## [Supplied entries]
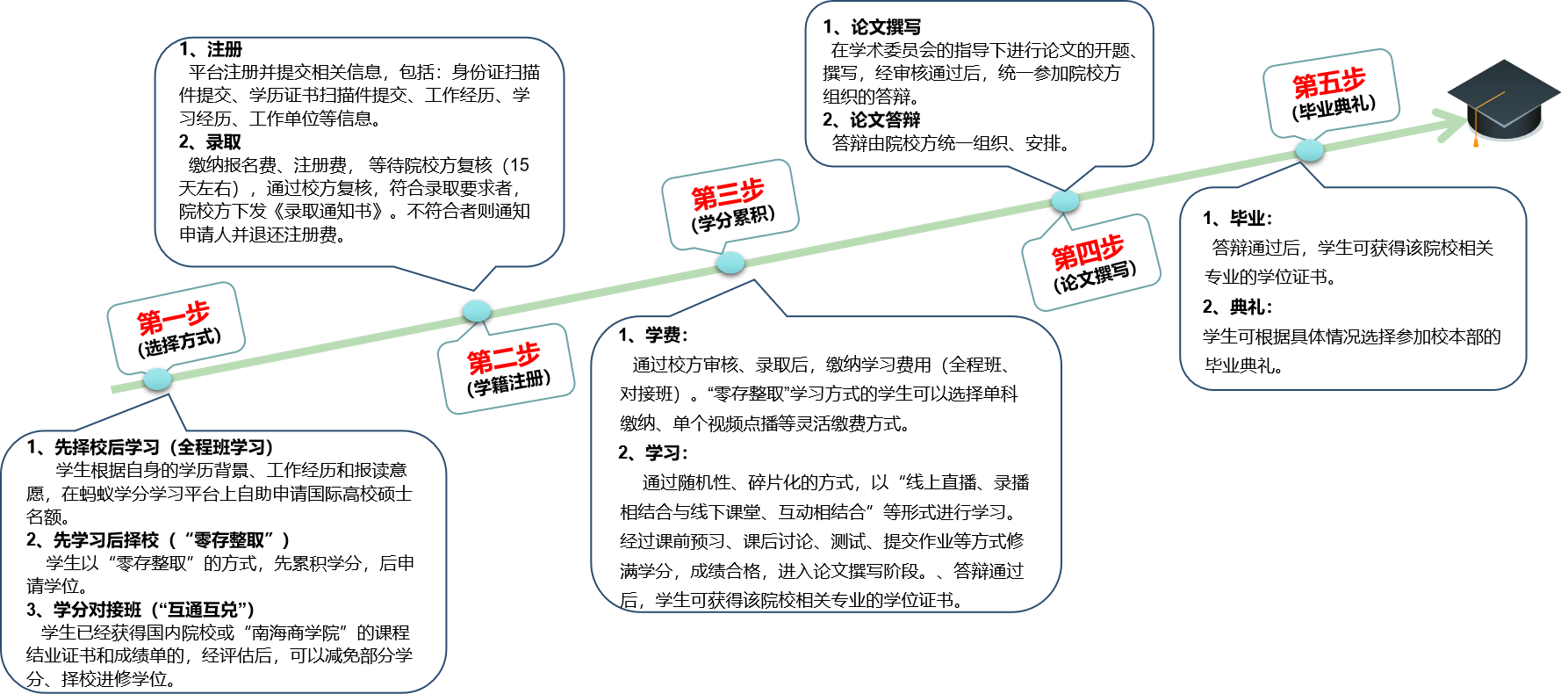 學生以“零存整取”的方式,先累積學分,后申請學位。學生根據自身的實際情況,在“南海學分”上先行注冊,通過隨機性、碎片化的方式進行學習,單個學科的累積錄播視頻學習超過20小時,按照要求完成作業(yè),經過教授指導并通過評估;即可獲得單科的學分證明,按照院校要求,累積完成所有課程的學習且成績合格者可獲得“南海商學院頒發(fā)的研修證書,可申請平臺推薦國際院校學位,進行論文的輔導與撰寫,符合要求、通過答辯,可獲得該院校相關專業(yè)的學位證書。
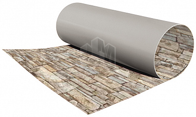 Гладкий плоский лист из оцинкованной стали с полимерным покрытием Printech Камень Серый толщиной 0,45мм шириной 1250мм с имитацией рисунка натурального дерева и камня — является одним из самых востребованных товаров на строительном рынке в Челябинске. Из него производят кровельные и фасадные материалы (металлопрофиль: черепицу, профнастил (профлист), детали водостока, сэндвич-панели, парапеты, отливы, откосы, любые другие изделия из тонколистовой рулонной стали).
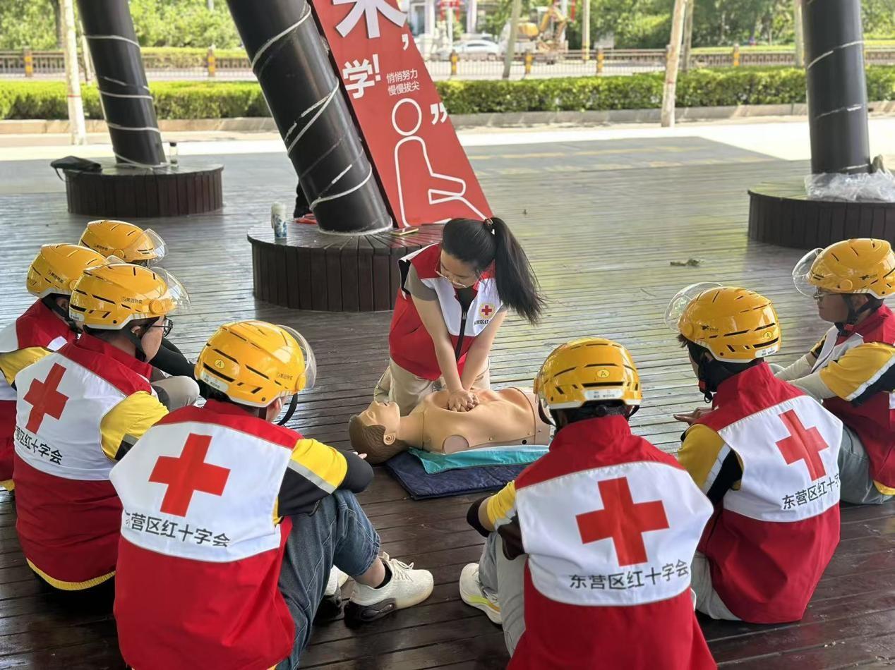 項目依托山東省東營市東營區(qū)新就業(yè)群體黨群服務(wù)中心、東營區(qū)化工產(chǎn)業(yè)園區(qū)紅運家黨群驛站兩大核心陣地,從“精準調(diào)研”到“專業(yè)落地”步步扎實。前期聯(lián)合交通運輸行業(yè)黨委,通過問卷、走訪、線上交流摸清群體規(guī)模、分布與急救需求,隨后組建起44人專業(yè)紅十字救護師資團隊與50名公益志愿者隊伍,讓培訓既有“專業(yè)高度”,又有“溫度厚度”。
---
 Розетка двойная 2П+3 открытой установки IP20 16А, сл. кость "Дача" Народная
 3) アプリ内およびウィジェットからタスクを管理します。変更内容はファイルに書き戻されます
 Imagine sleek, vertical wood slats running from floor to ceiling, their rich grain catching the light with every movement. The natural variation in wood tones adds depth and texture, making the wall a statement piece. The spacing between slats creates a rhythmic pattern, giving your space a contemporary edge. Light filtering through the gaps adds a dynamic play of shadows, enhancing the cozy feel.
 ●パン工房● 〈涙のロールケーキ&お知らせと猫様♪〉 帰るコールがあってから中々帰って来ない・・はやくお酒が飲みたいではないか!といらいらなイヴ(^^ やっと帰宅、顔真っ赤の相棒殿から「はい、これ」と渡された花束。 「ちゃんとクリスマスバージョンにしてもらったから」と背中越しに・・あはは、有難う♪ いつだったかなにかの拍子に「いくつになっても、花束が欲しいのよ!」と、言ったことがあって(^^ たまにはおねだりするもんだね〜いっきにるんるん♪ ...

## [Exercise]
In the entries above, which lines run from the one with "Гладкий плоский лист" up to and including the one with "項目依托山東省東營市東營區(qū)新就業"? Write them out exactly, without the pictures.

## [Output of the exercise]
 Гладкий плоский лист из оцинкованной стали с полимерным покрытием Printech Камень Серый толщиной 0,45мм шириной 1250мм с имитацией рисунка натурального дерева и камня — является одним из самых востребованных товаров на строительном рынке в Челябинске. Из него производят кровельные и фасадные материалы (металлопрофиль: черепицу, профнастил (профлист), детали водостока, сэндвич-панели, парапеты, отливы, откосы, любые другие изделия из тонколистовой рулонной стали).
 項目依托山東省東營市東營區(qū)新就業(yè)群體黨群服務(wù)中心、東營區(qū)化工產(chǎn)業(yè)園區(qū)紅運家黨群驛站兩大核心陣地,從“精準調(diào)研”到“專業(yè)落地”步步扎實。前期聯(lián)合交通運輸行業(yè)黨委,通過問卷、走訪、線上交流摸清群體規(guī)模、分布與急救需求,隨后組建起44人專業(yè)紅十字救護師資團隊與50名公益志愿者隊伍,讓培訓既有“專業(yè)高度”,又有“溫度厚度”。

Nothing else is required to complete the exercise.